Your goal
Quote the data exactly, first line to the line containing "Festett Tojások - húsvéti", with no pictures.

Data records
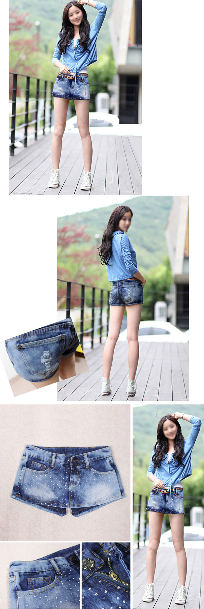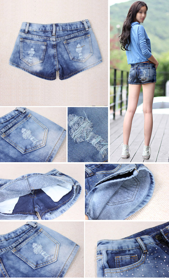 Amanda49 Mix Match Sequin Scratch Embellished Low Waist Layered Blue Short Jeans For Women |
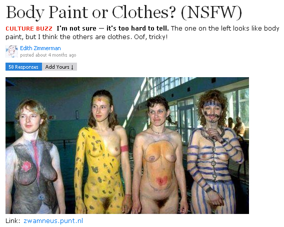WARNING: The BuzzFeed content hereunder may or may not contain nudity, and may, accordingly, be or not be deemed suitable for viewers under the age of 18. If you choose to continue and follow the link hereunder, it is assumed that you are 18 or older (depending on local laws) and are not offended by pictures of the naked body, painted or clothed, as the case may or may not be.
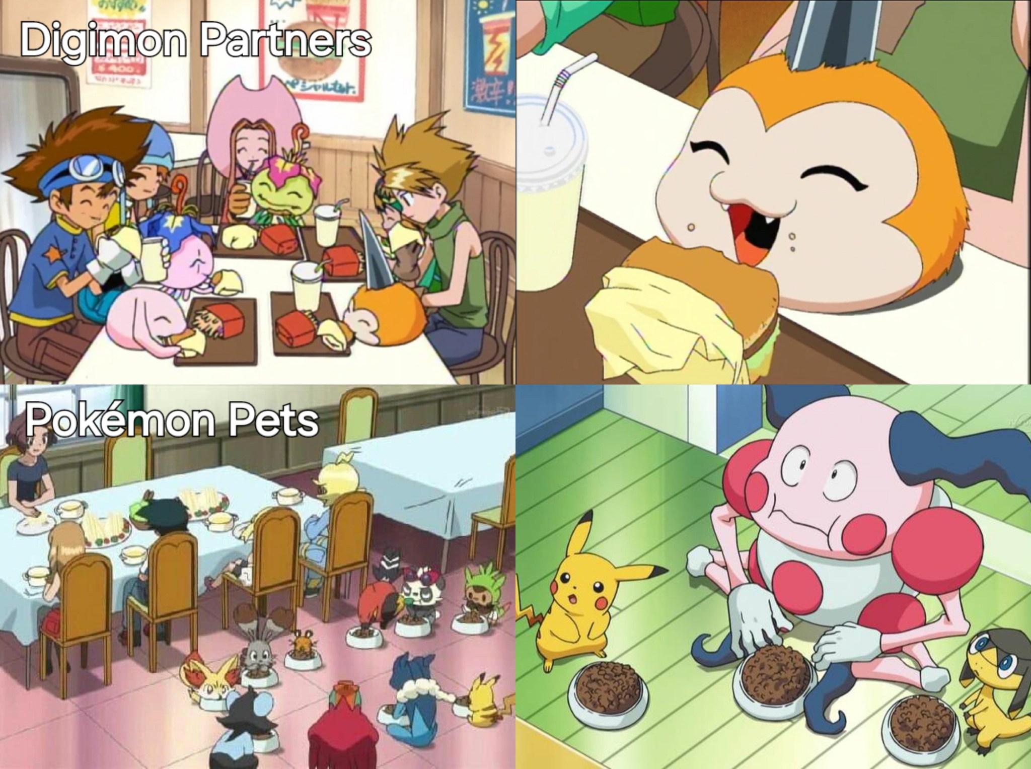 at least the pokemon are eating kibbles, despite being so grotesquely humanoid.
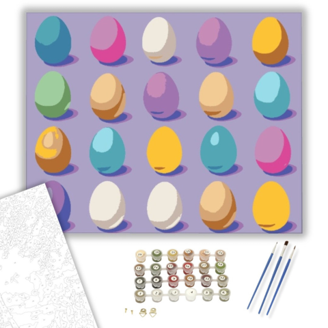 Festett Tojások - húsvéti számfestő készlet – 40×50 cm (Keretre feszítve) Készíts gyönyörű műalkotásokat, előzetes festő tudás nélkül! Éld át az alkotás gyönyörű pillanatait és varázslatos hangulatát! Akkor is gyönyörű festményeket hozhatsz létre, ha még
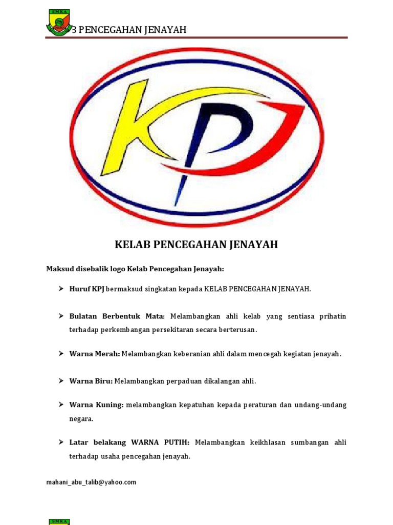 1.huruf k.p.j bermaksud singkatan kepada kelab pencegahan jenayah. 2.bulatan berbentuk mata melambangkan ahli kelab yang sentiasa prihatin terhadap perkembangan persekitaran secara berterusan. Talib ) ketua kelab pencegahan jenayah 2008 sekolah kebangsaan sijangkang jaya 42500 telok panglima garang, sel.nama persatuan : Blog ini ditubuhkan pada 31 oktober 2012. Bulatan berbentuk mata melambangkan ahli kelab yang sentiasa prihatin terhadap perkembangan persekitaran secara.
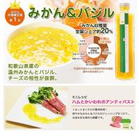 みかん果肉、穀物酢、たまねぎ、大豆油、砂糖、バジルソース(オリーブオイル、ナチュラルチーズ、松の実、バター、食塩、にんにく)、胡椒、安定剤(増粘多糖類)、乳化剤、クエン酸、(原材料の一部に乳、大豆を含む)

Task answer
 Amanda49 Mix Match Sequin Scratch Embellished Low Waist Layered Blue Short Jeans For Women |
WARNING: The BuzzFeed content hereunder may or may not contain nudity, and may, accordingly, be or not be deemed suitable for viewers under the age of 18. If you choose to continue and follow the link hereunder, it is assumed that you are 18 or older (depending on local laws) and are not offended by pictures of the naked body, painted or clothed, as the case may or may not be.
 at least the pokemon are eating kibbles, despite being so grotesquely humanoid.
 Festett Tojások - húsvéti számfestő készlet – 40×50 cm (Keretre feszítve) Készíts gyönyörű műalkotásokat, előzetes festő tudás nélkül! Éld át az alkotás gyönyörű pillanatait és varázslatos hangulatát! Akkor is gyönyörű festményeket hozhatsz létre, ha még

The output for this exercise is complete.